I’m a mathematician, a theologian, and a health coach. On the bad days, that combination makes me feel like I don’t really know what I’m doing or where I belong. But on the good days — the better ones — I get to just be myself. I get to think about the things I actually want to think about, and that’s genuinely pleasurable. As I’ve been exploring Writing About My Point of View, I keep coming back to the idea that this strange mix isn’t a liability. It’s the whole point.

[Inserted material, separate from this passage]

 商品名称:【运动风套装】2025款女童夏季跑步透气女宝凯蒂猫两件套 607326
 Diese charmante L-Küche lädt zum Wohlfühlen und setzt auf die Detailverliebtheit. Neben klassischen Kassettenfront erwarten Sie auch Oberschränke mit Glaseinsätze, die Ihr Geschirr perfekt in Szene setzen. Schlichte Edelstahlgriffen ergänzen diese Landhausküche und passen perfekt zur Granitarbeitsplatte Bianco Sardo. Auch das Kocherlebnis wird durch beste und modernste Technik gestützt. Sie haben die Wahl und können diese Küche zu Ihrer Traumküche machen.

Being multidisciplinary is a good conversation starter. People get curious when you cross categories they assumed were separate. That’s what draws me to why you should write like a thought leader — the idea that your specificity is what makes you worth reading, not your comprehensiveness. I think one of the biggest misconceptions about thought leadership is that you have to know everything. You don’t. You just have to know what you actually think, and be willing to say it. That’s harder than it sounds, and it’s what I’m still working on through The F.A.T. Formula for Thought Leadership- A Personal Reflection.

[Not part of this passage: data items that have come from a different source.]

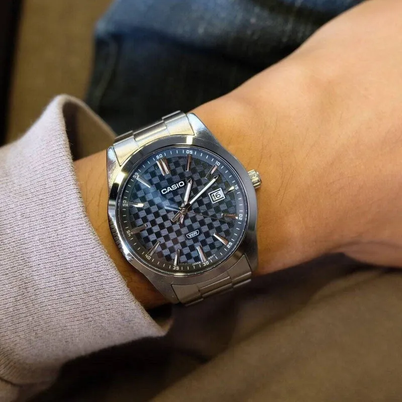ساعت مچی مردانه Casio MTP-VD03D-2A2 با صفحه آبی چشمنواز و بند استیل نقرهای مقاوم، یکی از جذابترین مدلهای سری VD03 کاسیو است که ظاهر شیک، کاربردی و کاملاً روزمره را در کنار هم ارائه میدهد. ترکیب صفحه آبی براق با طراحی تمیز و ساده، این مدل را به گزینهای ایدهآل برای استایلهای رسمی، نیمهرسمی و حتی استفاده روزانه تبدیل کرده است.این ساعت از موتور کوارتز دقیق و کممصرف استفاده میکند که زمانسنجی بسیار پایدار و قابل اعتماد را فراهم میسازد. شیشه معدنی باکیفیت، صفحه را در برابر خطوخشهای معمول محافظت میکند و کیفیت ساخت بالای بند و قاب استیل، دوام و مقاومت طولانیمدت برای کاربر به همراه دارد. همچنین مقاومت در برابر پاشش آب، خیال شما را در استفاده روزمره راحت میکند.اگر به دنبال یک ساعت زیبا، خوشساخت، با صفحه آبی خاص و قیمت مناسب هستید، MTP-VD03D-2A2 یکی از بهترین انتخابهای کاسیو در این سبک محسوب میشود.
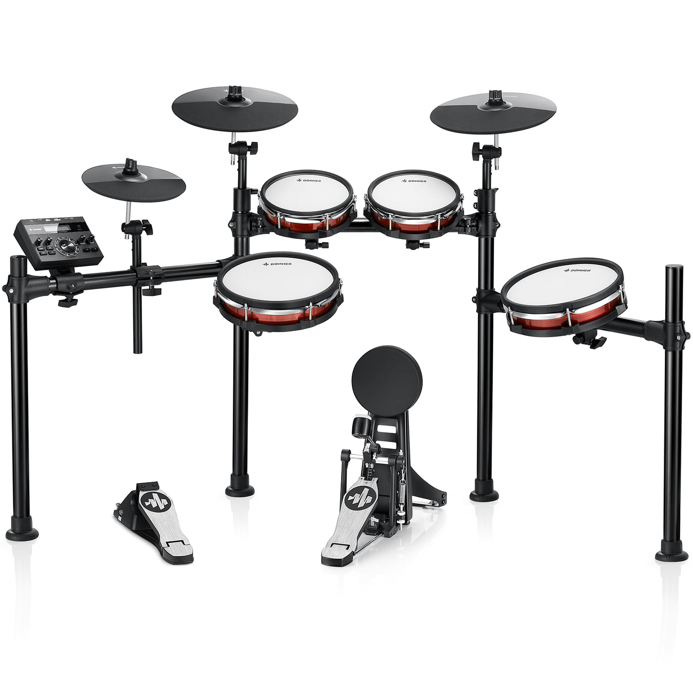 - Más grande y más preciso : El DED-200 MAX es una versión mejorada del DED-200 con 1 crash de 12'', 1 ride de 12'', 1 caja de 10'', 1 tom3 de 10'', 1 hi-hat de 10'', lo que proporciona puntos de detección de golpes más grandes y más precisos.
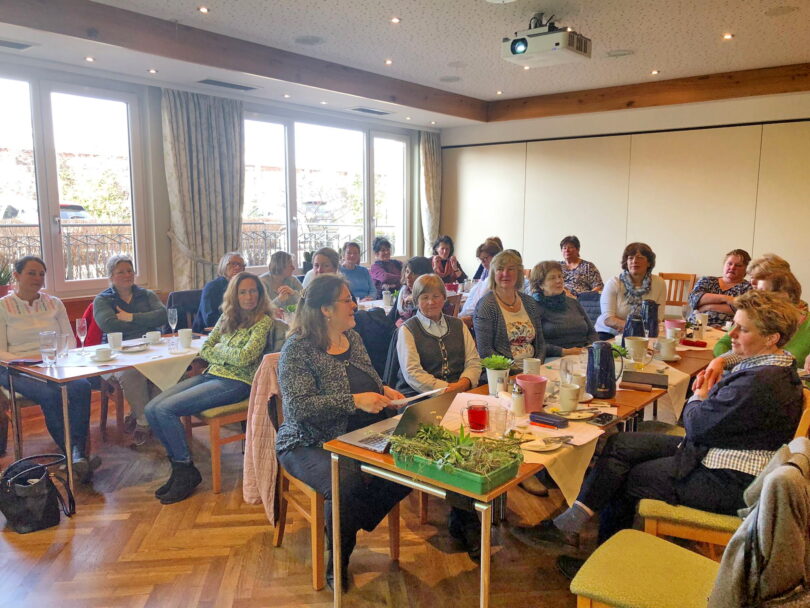 Zum Thema: Heilkräuter in Garten und Wiese referierte Maria Grill Besonders interessant war die Anwendung der Kräuter für die zahlreich erschienenen Landfrauen. Denn: “Es gibt kein Unkraut. Jedes noch so unbeliebte Kraut findet in der Hausapotheke seinen Platz.” so Maria Grill
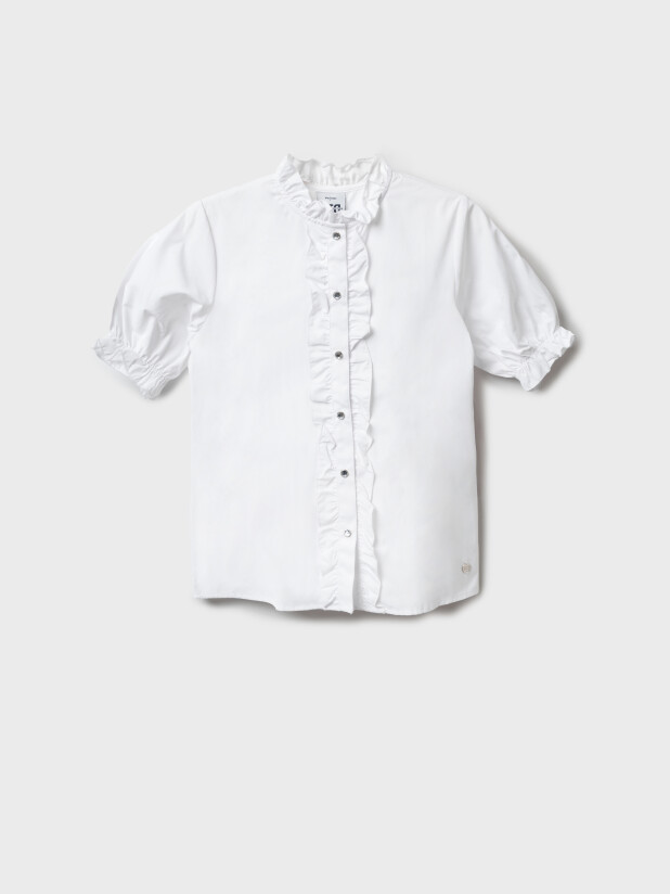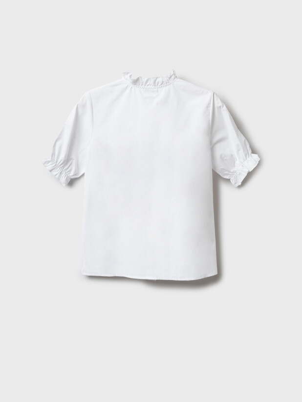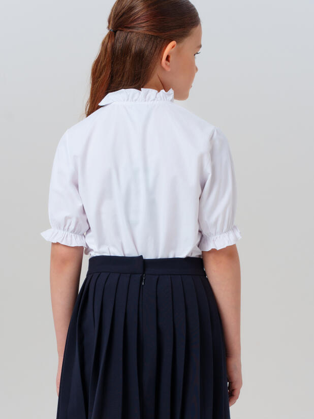 Белая нарядная блузка с коротким рукавом для девочки от PlayToday из школьной коллекции — идеальный выбор для 1 сентября, школьных праздников и повседневных учебных дней.

What I find useful is thinking about it the way ABBA accidentally became glam rock — you mix up different categories and you get something fun and interesting that didn’t exist before. That’s not a grand strategy, it’s just what happens when you stop trying to fit in. 6 steps to writing thought leadership content like a pro frames it more methodically, but the underlying move is the same: own the weird combination, and name it clearly enough that other people can find it. I haven’t landed on my three core messages yet, and if I’m honest, I’m not sure what I’d do differently the day I did. I float around a lot, following interesting things.

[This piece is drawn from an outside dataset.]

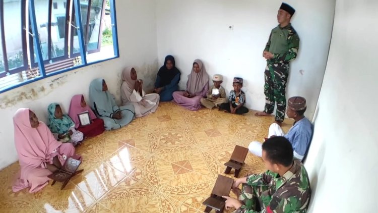 Satgas Yonif 642/Kps mengajar mengaji dan menyerahkan 20 Al-Qur’an untuk anak-anak TPQ An-Nur di Kampung Warwasi, Kaimana, Papua Barat, sebagai wujud kepedulian pendidikan dan pembinaan akhlak generasi muda Papua.

Maybe that’s okay for now. There’s something in why I want to be a Christian writer that resonates — writing as a way of working out what you actually believe, not just broadcasting conclusions you’ve already reached. I’m somewhere in that process. And Tips on writing articles by Stephen Moore keeps reminding me that the craft itself is part of the thinking. I don’t need to have it all figured out before I start sharing it. I just need to keep going.